→ Work request
Could you write out the listing below exactly as it stands, leaving out the pictures?

→ Data shown
::::::
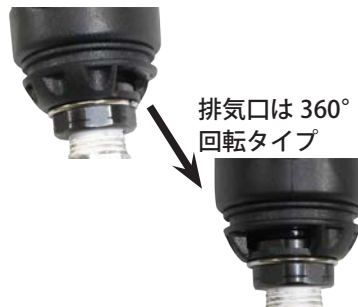
排気口は 360° 回転タイプ
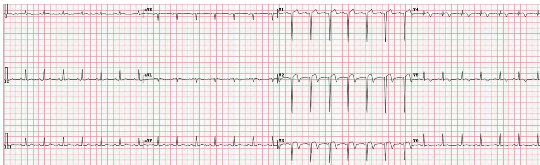
图1 患者入院时心电图(说明见正文)

讨论 急性心肌梗死(Acute myocardial infarction, AMI)的典型症状表现为持续性胸骨后压榨样疼痛或心前区疼痛,休息或舌下含服硝酸甘油后上述症状不缓解。不典型症状可表现为多种,疼痛部位不典型,有消化不良、呕吐、头晕、疲劳、牙痛、咽喉不适、剑突下疼痛、下颌疼痛、腹痛 [1-3] 和间歇性
::::::
→ Response to this exercise
排気口は 360° 回転タイプ
图1 患者入院时心电图(说明见正文)

讨论 急性心肌梗死(Acute myocardial infarction, AMI)的典型症状表现为持续性胸骨后压榨样疼痛或心前区疼痛,休息或舌下含服硝酸甘油后上述症状不缓解。不典型症状可表现为多种,疼痛部位不典型,有消化不良、呕吐、头晕、疲劳、牙痛、咽喉不适、剑突下疼痛、下颌疼痛、腹痛 [1-3] 和间歇性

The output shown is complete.